**Activity**.
Set down the whole listing below exactly, without pictures.
Source data Start Marker
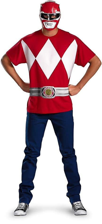 Take a step back to your childhood with this Red Power Ranger costume for men. It is an alternative to the full-fledged ninja warrior, but any man is sure to make a statement wearing it. You can wear any kind of pants you want with this red shirt which has large white diamonds and a simulate belt branded on the front. It also includes a mask. Hit the streets to trick-or-treat with your family or go to local parties with this fun Power Ranger costume idea. Polyester. Includes:• Printed costume shirt• Character mask Imported.
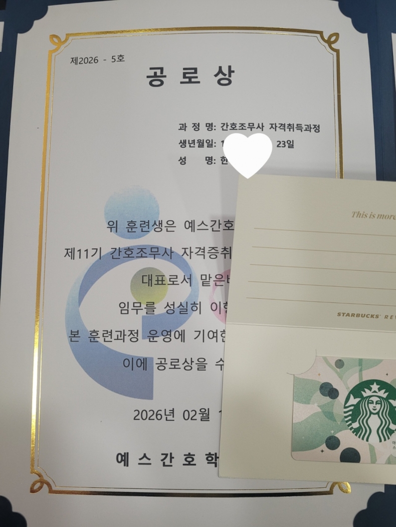 1년 동안 11기를 이끌어 오느라 수고한 대표 한*비, 공로상 받았어요...스벅 상품권!!
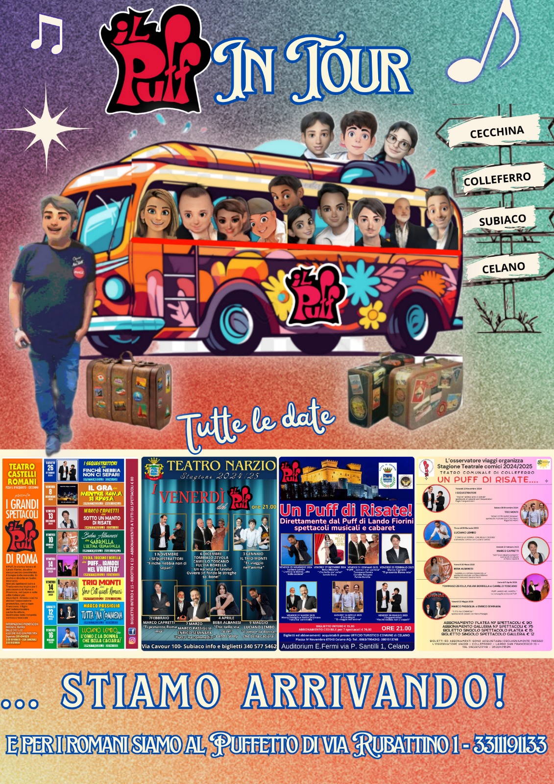 “Puff in Tour”, si apre ai Castelli Romani la rassegna teatrale dell’associazione “Lando Fiorini” per promuovere la romanità. I migliori comici della scuderia “Lando Fiorini”, dal cuore della Capitale, calcheranno i palchi dei teatri del Lazio e dell’Abruzzo. La rassegna prende il via sabato 26 Ottobre dal “Teatro Castelli Romani” di Cecchina, ad Albano.
Source data End Marker
**Written answer**.
 Take a step back to your childhood with this Red Power Ranger costume for men. It is an alternative to the full-fledged ninja warrior, but any man is sure to make a statement wearing it. You can wear any kind of pants you want with this red shirt which has large white diamonds and a simulate belt branded on the front. It also includes a mask. Hit the streets to trick-or-treat with your family or go to local parties with this fun Power Ranger costume idea. Polyester. Includes:• Printed costume shirt• Character mask Imported.
 1년 동안 11기를 이끌어 오느라 수고한 대표 한*비, 공로상 받았어요...스벅 상품권!!
 “Puff in Tour”, si apre ai Castelli Romani la rassegna teatrale dell’associazione “Lando Fiorini” per promuovere la romanità. I migliori comici della scuderia “Lando Fiorini”, dal cuore della Capitale, calcheranno i palchi dei teatri del Lazio e dell’Abruzzo. La rassegna prende il via sabato 26 Ottobre dal “Teatro Castelli Romani” di Cecchina, ad Albano.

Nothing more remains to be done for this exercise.